Faith is what you need when you don’t have certainty. The more you learn, the less you need to believe.
It turns out that atheism means much less than I had thought. It is merely the lack of theism. It is not a philosophy of life and it offers no values. It predicts nothing of morality or motives.
There are millions of people who claim to know a deity, but this is a statement about humanity, not about the reality of their gods.
Believers in one particular god have no trouble dismissing the “personal experiences” of the believers of other gods, so they must agree with me that the human race possesses an immense propensity to subjectively “know” things that are wrong. What makes them exempt from such error crafting?
Ethical systems are based on the worth humans have assigned to life: “good” is that which enhances life and “evil” is that which threatens it. We do not need a deity to tell us it is wrong to kill, lie or steal. Humans have always had the potential to use their minds to determine what is kind and reasonable.
To call god a “nonphysical being” is contradictory. A being must exist as some form of mass in space and time. But even if such a being existed, what authenticity could its opinions hold regarding us physical creatures?
Values reside within physical brains, so if morality points to “god” then we are it.
“If there is no absolute moral standard then there is no ultimate right or wrong. Without God there is no ethical basis, and social order would disintegrate. Our laws are based on scripture.” This is an argument for belief in a god, not for the existence of a god.
Any scriptures that might support a good law do so only because they have met the test of human values, which long predate the ineffective Ten Commandments.
If it is possible to think of a god as uncaused, then it is possible to think the same of the universe.
It is not a case for a god’s existence; it is an argument for belief, based on a threat of violence.
It is not true that the believer loses nothing. We diminish this life by preferring the myth of an afterlife. We sacrifice honesty to the maintenance of a lie. Religion demands time, energy and money, draining valuable human resources from the improvement of this world. Religious conformity, a tool of tyrants, is a threat to freedom.
What kind of person would eternally torment an honest doubter? If their god is so unjust, then theists are in as much danger as atheists.
Pascal was a Catholic and assumed that the existence of a god meant the Christian God. However, the Islamic Allah might be the true god, which turns Pascal’s Wager into a riskier gamble than intended.

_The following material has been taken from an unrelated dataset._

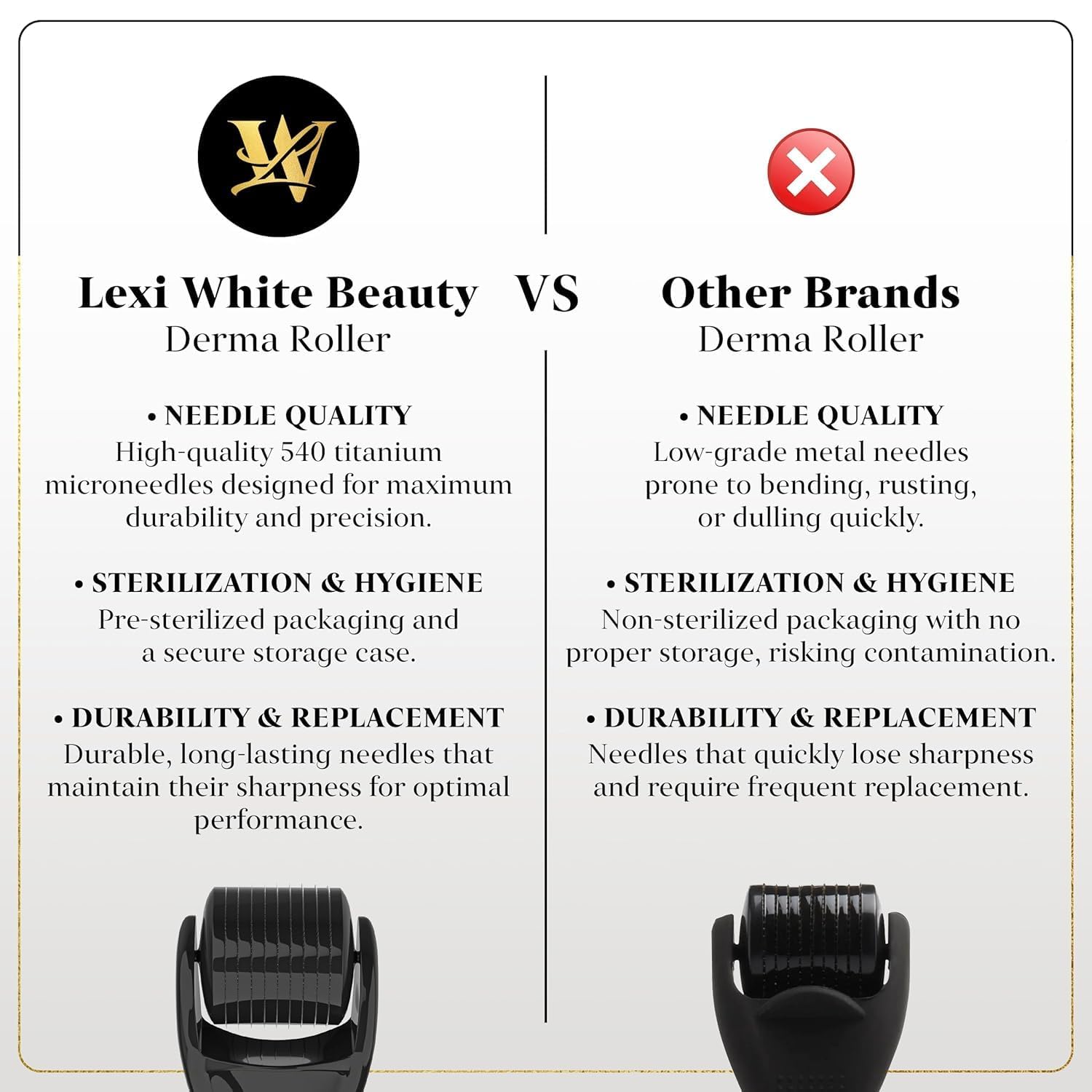 - Trusted Brand – Lexi White Beauty – As seen on top beauty platforms, Lexi White Beauty’s derma roller is designed for safe, consistent use. Protected by our 100% refund or replacement satisfaction guarantee.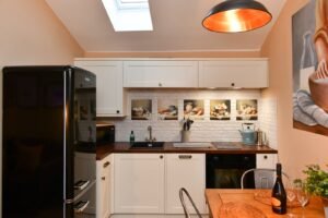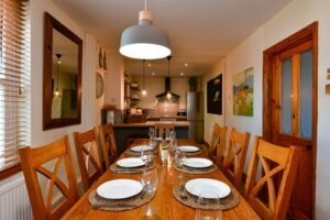 A spacious two-level barn for 3, featuring a double bed on the open-plan mezzanine, that can be split into 2 singles, plus a single trundle bed – perfect for families or friends. Enjoy sea views from the upstairs Velux and the glass-fronted stable door. The rear garden offers a courtyard patio with gas BBQ and lovely countryside views. Pet-friendly

Outrageous claims require outrageous proof. A criterion of critical history is the assumption of natural regularity over time. This precludes miracles, which by definition “override” natural law. If we allow for miracles, then all documents, including the bible, become worthless as history.
“The new science of quantum physics is showing that reality is uncertain and less concrete. There is now room for miracles. A theistic world view is not inconsistent with science.” A miracle is supposed to be a suspension of natural law that points to a transcendent realm. If the new science makes miracles naturally possible (a self-contradictory concept), then there is no supernatural realm and no God.
Faith is the acceptance of the truth of a statement in spite of insufficient or contradictory evidence, and has never been consistent with reason.
Faith, by its very invocation, is a transparent admission that religious claims cannot stand on their own two feet.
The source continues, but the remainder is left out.